It's because we think in 3D, so we only really see three steps of exponential growth.
If we thought in 100D, we might have a better sense for it, because we'd be able to see a hundred of them.
Hypervolume grows exponentially.
One way to get a really rough idea is to try and control each and every joint individually.
Close your eyes and try to imagine that each joint, each muscle is a dimension along which you can move (by moving it), and your posture at any given moment is a point in that space. When you move, you make a line through it. Don't picture it, just feel it.
What is the shape of that space?
You can get an idea of what exponential growth is like by exploring how the shape of that space changes as you add more and more things you're controlling.
> ... In the case of a discrete domain of definition with equal intervals, it is also called geometric growth or geometric decay, the function values forming a geometric progression. ...
That is growing exponentially with number of dimensions. The earlier post assumed fixed but large number of dimensions and varying linear size, so that would just be a power law.
Oh oops, you’re totally correct that geometric growth is a synonym for exponential growth. I don’t know what I was thinking, but I may have been confused by the fact that volume grows polynomially faster than surface area for any fixed n dimensions (I now fear I may also be incorrect about this claim, although I’m confident it’s true for n=3).
Still, geometric growth is exponential in n when n is the number of dimensions, which isn’t really the n we were talking about in this context.
An interesting way to look at human thinking patterns. Is there any book on it?
I never completely figured out Aikido with it’s joint locks and levers. Maybe talented aikidokas have a grater capacity to visualize/fill this type of activity?
(Aikido SanDan, ~28 years of practice, still going to the dojo 3 times a week).
Interesting point, but I don’t think Aikidoka have any special talent for that: we use a small number of techniques and what changes is the way you use them in response to different attacks/holds.

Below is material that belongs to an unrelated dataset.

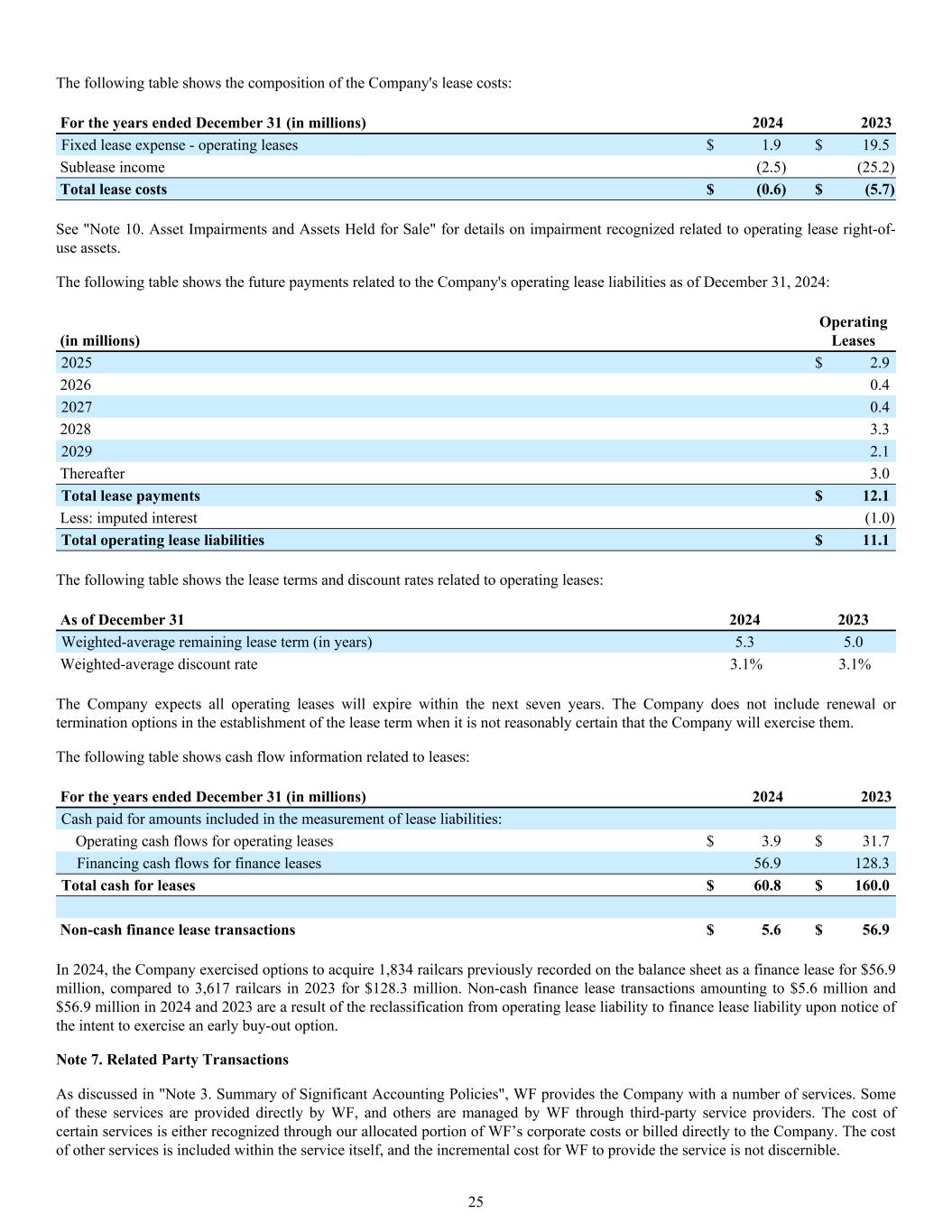 The following table shows the composition of the Company's lease costs: For the years ended December 31 (in millions) 2024 2023 Fixed lease expense - operating leases $ 1.9 $ 19.5 Sublease income (2.5) (25.2) Total lease costs $ (0.6) $ (5.7) See "Note 10. Asset Impairments and Assets Held for Sale" for details on impairment recognized related to operating lease right-of- use assets. The following table shows the future payments related to the Company's operating lease liabilities as of December 31, 2024: (in millions) Operating Leases 2025 $ 2.9 2026 0.4 2027 0.4 2028 3.3 2029 2.1 Thereafter 3.0 Total lease payments $ 12.1 Less: imputed interest (1.0) Total operating lease liabilities $ 11.1 The following table shows the lease terms and discount rates related to operating leases: As of December 31 2024 2023 Weighted-average remaining lease term (in years) 5.3 5.0 Weighted-average discount rate 3.1% 3.1% The Company expects all operating leases will expire within the next seven years. The Company does not include renewal or termination options in the establishment of the lease term when it is not reasonably certain that the Company will exercise them. The following table shows cash flow information related to leases: For the years ended December 31 (in millions) 2024 2023 Cash paid for amounts included in the measurement of lease liabilities: Operating cash flows for operating leases $ 3.9 $ 31.7 Financing cash flows for finance leases 56.9 128.3 Total cash for leases $ 60.8 $ 160.0 Non-cash finance lease transactions $ 5.6 $ 56.9 In 2024, the Company exercised options to acquire 1,834 railcars previously recorded on the balance sheet as a finance lease for $56.9 million, compared to 3,617 railcars in 2023 for $128.3 million. Non-cash finance lease transactions amounting to $5.6 million and $56.9 million in 2024 and 2023 are a result of the reclassification from operating lease liability to finance lease liability upon notice of the intent to exercise an early buy-out option. Note 7. Related Party Transactions As discussed in "Note 3. Summary of Significant Accounting Policies", WF provides the Company with a number of services. Some of these services are provided directly by WF, and others are managed by WF through third-party service providers. The cost of certain services is either recognized through our allocated portion of WF’s corporate costs or billed directly to the Company. The cost of other services is included within the service itself, and the incremental cost for WF to provide the service is not discernible. 25

Also, you tend to work on your specific Ryu (school) technicsl curriculum and nobody goes around “inventing” new locks.
(Some argue that Aikido is not really adapting to modern world nor cross-pollinating with other martial arts due to -arguably excessive - reverence for tradition).
Honestly, it's just a mash-up of a few Buddhist ideas and a few math ideas:
You can model what you're doing as a phase space, which is the product space of the state of each thing you control. This generally has a lot more dimensions than three. (You see this in robotics; a 5-axis CNC has a 5 dimensional phase space for position (5 axes of motion), plus a few more dimensions for things like speed and coolant flow.)
That mashed up with the meditation idea of starting with your focus on something really small -- the soles of your feet, for instance -- and drawing it up your body until you can feel all of it.
If you do the two, you can slowly draw yourself into awareness of higher and higher dimensional phase spaces, which shows you a curve of exponential growth.
Well, okay -- I also followed Terry Tao's excellent advice on dealing with higher dimensions, to stop trying to picture math and start trying to find systems that expressed it in what they did. You can often get a feel for a system doing something more complex than what you can directly picture.